Search code examples
htmlxmlregexsgml

Regex for an open SGML node that contains <p> , </p>, and <br /> tags


I have some SGML that I'm trying to clean up by adding closing tags to the opening ones. Right now, the document has a structure like this:

<CAT>
<NAME>Daniel
<COLOR>White
<DESC>Daniel is a white cat <p>He was born in July</p><br />He's super cute.<p><br />He does not have any siblings.
<COUNTRY>USA
</CAT>

So far I can match an open tag and capture the content as a group using this regexp: <NAME>([^\\<]+)[^<] if doesn't have any <p>, </p>, or <br /> elements within the content area.

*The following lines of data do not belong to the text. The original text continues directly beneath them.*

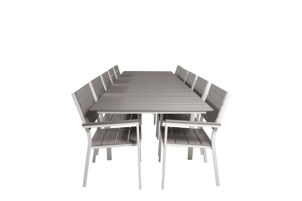 Trendsäker matgrupp i gråskala för somriga utomhusmiddagar. Perfekt för uteplatsen med stilrena stolar och rymligt bord.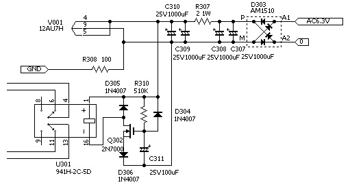 20秒遅延回路は12AU7のヒーター点火用6.3Vから電源をもらい、5Vのリレーを20秒後に動かします。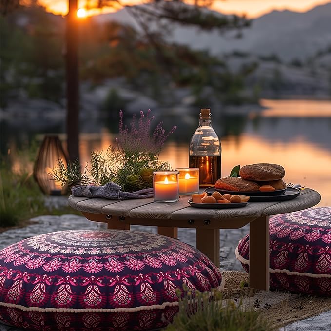 - 2 IN 1 INSERT AND COVER: This round white pillow insert is the perfect fit with this mandala cover. Purchasing both separately often results in the lesser quality of one so you not only save time but your product is consistent as well. This cushion is added with premium shredded memory foam that has a good rebound so it won’t flatten like typical floor cushions.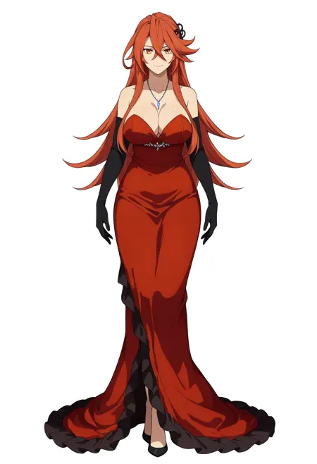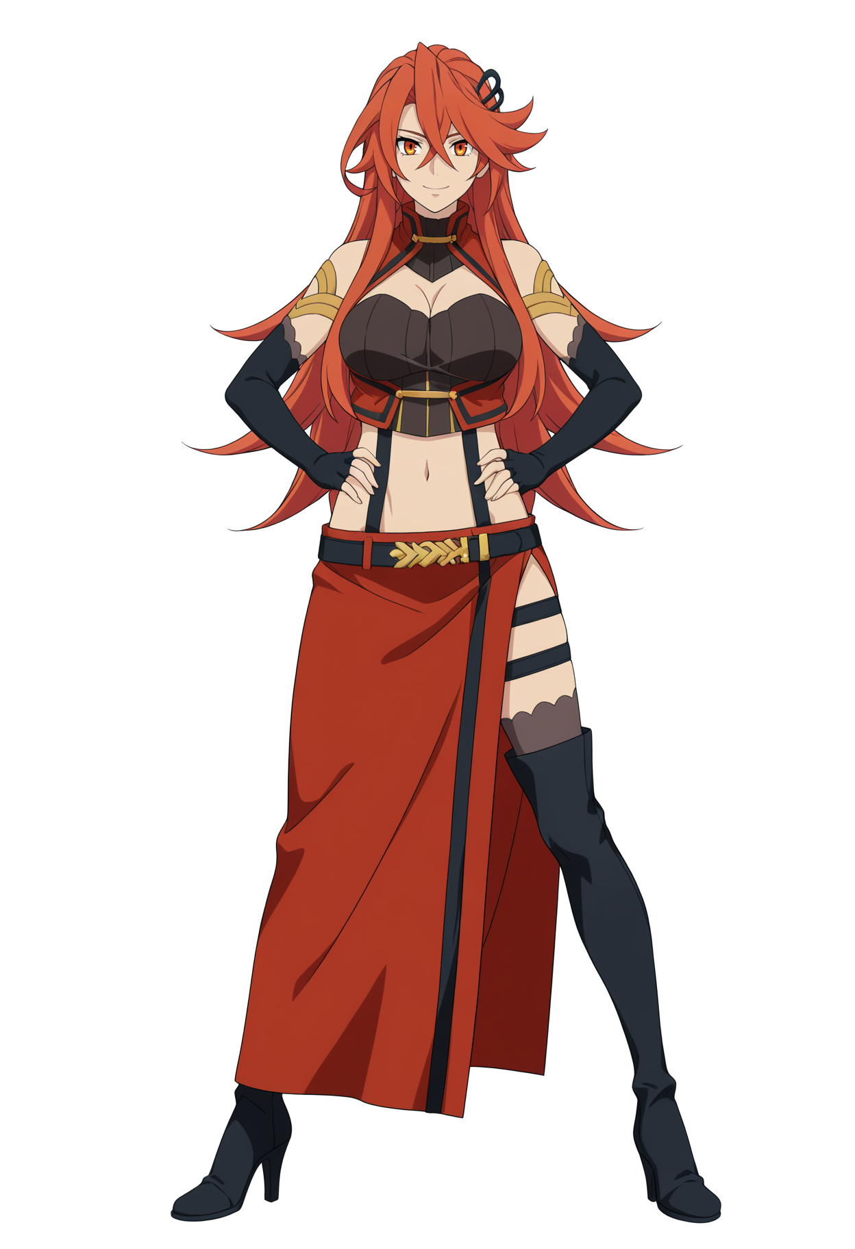 基础服装提示词:露胸,大乳房,短上衣,黑色肘套,红色裙子,露肩,侧开叉,肚脐,露腹,大腿靴,露指手套,高跟靴,过膝袜

But if i do <DESC>([^\\<]+)[^<], the pattern matching stops right before the first <p>

The reason why I'm using < as the end of the pattern is because all the other open nodes don't have html elements that stop the matching

How can I make a regexp that matches the <DESC> node that includes <p>, </p>, <br /> and ends before the <COUNTRY> node?


Solution

  • How about this:

    <DESC>((?:</?p>|<br />|[^\\<])+)
    

    This allows these three tags to match and stops at the next < that doesn't belong to one of the three.

    By the way, why aren't you allowing the backslash as a valid character?